Feds team up with Philly cops to target violent crime
WHEN FEDERAL agents and Philadelphia cops arrested a group of gun-toting men near the airport on Wednesday — thwarting an alleged plan to rob a drug dealer — the takedown was the result of a new partnership between federal and local officials to combat violent and drug-related crime across the city. Attorney General Eric Holder and Mayor Nutter announced the partnership at City Hall on Monday.
WHEN FEDERAL agents and Philadelphia cops arrested a group of gun-toting men near the airport on Wednesday — thwarting an alleged plan to rob a drug dealer — the takedown was the result of a new partnership between federal and local officials to combat violent and drug-related crime across the city.
Attorney General Eric Holder and Mayor Nutter announced the partnership at City Hall on Monday.

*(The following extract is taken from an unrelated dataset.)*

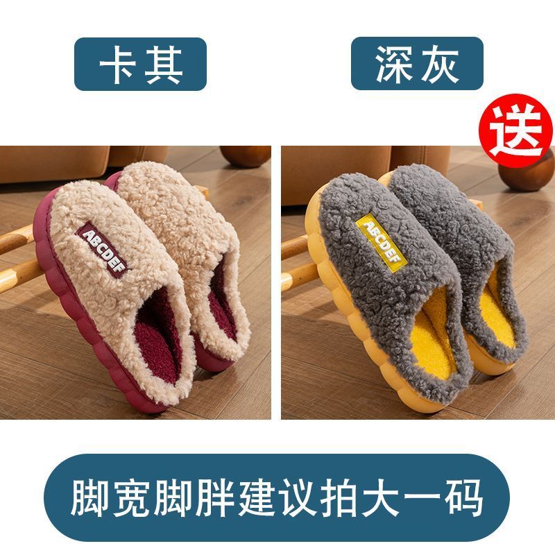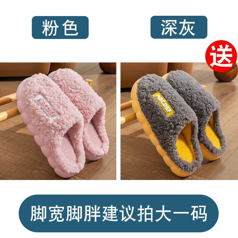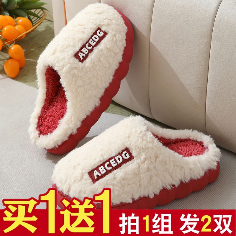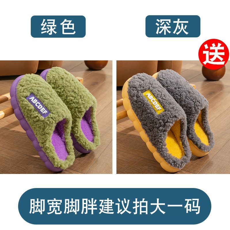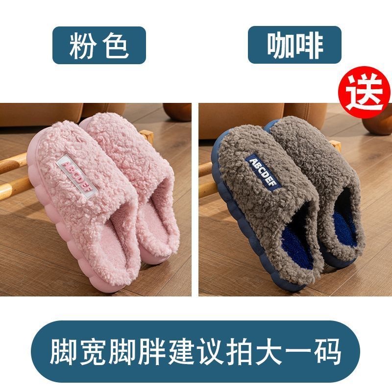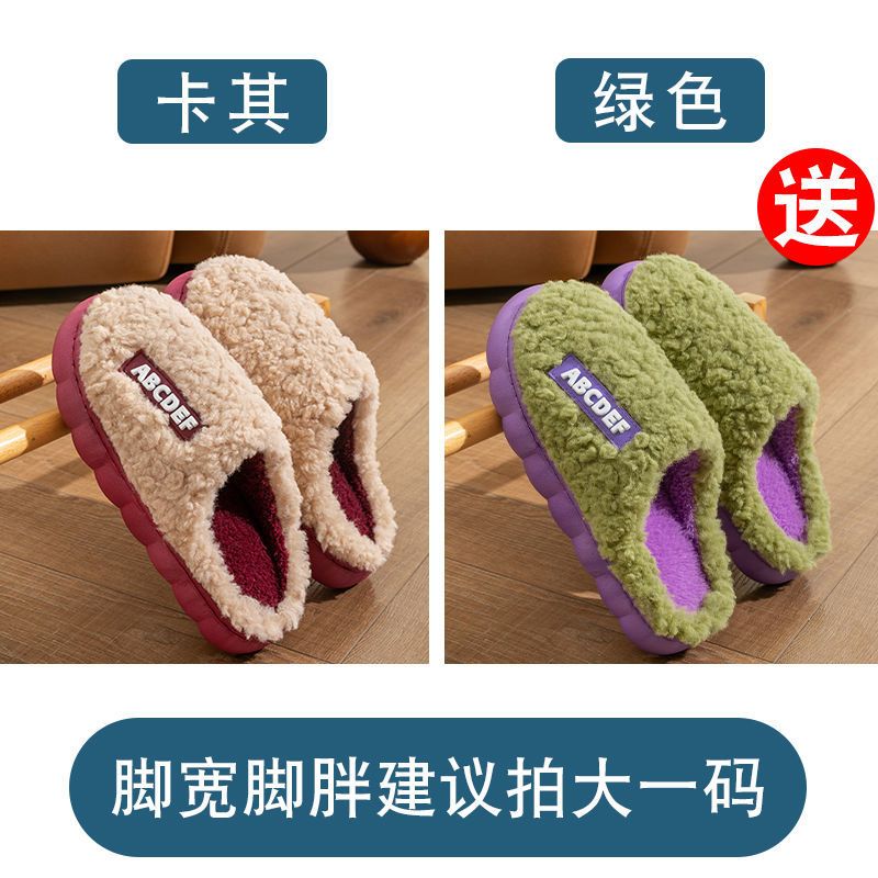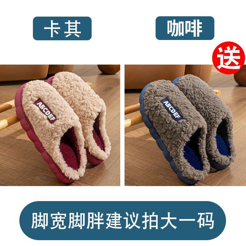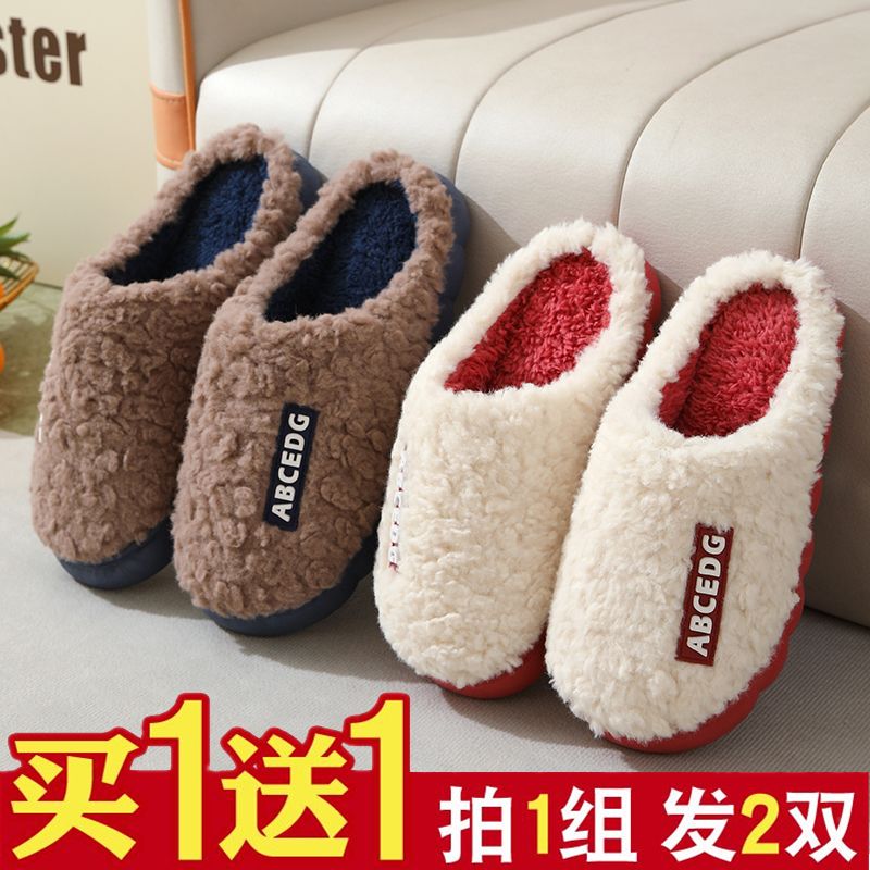 买一送一美拉德冬季手工棉拖鞋女居家防滑保暖拼色毛绒棉拖鞋男款

The partnership includes more than 50 federal law-enforcement officials, and Holder said that during a four-month "surge," which began June 4, federal resources are being used to build local capacity, enhance training, coordinate outreach, bolster intelligence and help plan and execute more sophisticated criminal investigations and prosecutions.

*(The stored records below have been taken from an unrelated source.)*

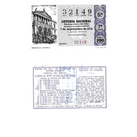 - Décimo "Especial do Turista" da Lotaría Nacional de 1974 co motivo "O libro": imaxe que representa a Biblioteca Nacional. O número do décimo é o 32149 / ANVERSO. Impresión / 32149 / Lotería Nacional. Décima parte del billete para el sorteo del día 7 de septiembre de 1974 / El jefe del servicio (sinatura) / Quinta / 32149 / 31/74 / 5ª / 7ª serie / Precio 200 pesetas / Biblioteca Nacional (imaxe) / Fca. Nal. de Moneda y Timbre / REVERSO. Impresión / Sorteo del día 7 de septiembre de 1974. Sistema moderno. Especial del turista. 8 series de 80.000 billetes de 2.000 pesetas. (Resumo de premios) / Extracto de la instrucción de Loterías (texto) / Próximo sorteo: 14 de septiembre. Billetes de 1.000 ptas., en décimos de 100 ptas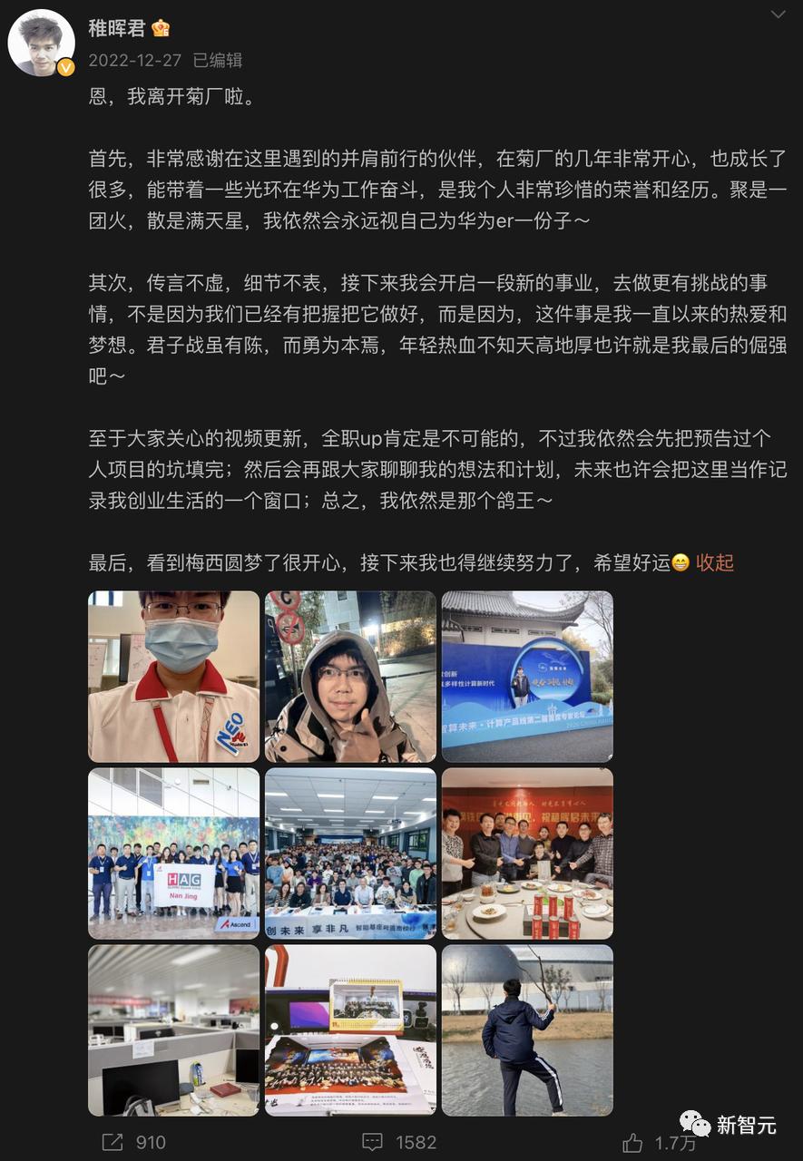 去年12月,稚晖君正式确认离开华为,表示自己接下来会开启一段新的事业。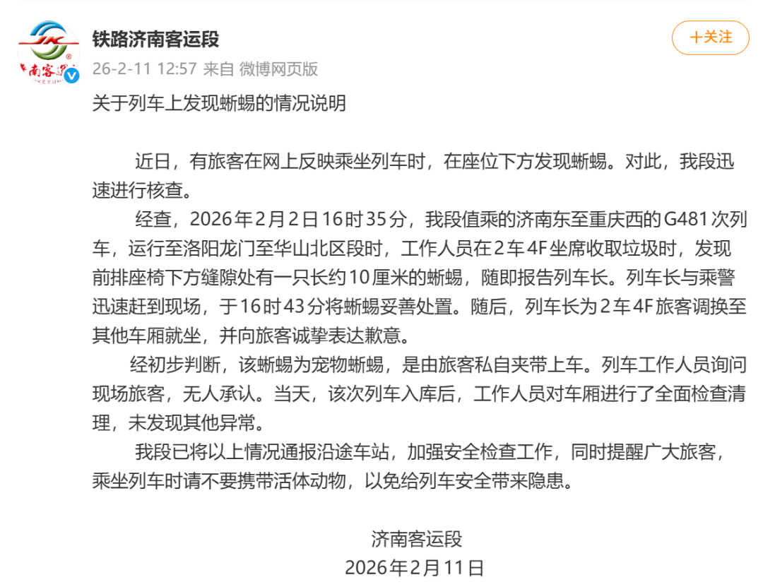 2月11日中午,@铁路济南客运段 发布关于列车上发现蜥蜴的情况说明,具体如下:

To date, the surge has seized more than 80 firearms and netted more than 300 arrests for violent-crime, drug, gun and other offenses, officials said.
"Your hiding days are over," Nutter said. "We're coming after you and we're going to take you away for a long time."
Although Nutter said the overall violent crime rate had decreased by 19 percent since 2007, the number of homicides — 196 so far this year — was up about 15 percent over a comparable time period in 2010 and 2011, according to police statistics.
Police Commissioner Charles Ramsey said prosecuting criminals on the federal level was important, because the penalties for violent crime, especially when guns are used, are more severe than they are at the state level.
"When the complaint says 'USA v. somebody,' I think it sends a bit of a different message," Ramsey said.
"We can use all the help we can get," he added.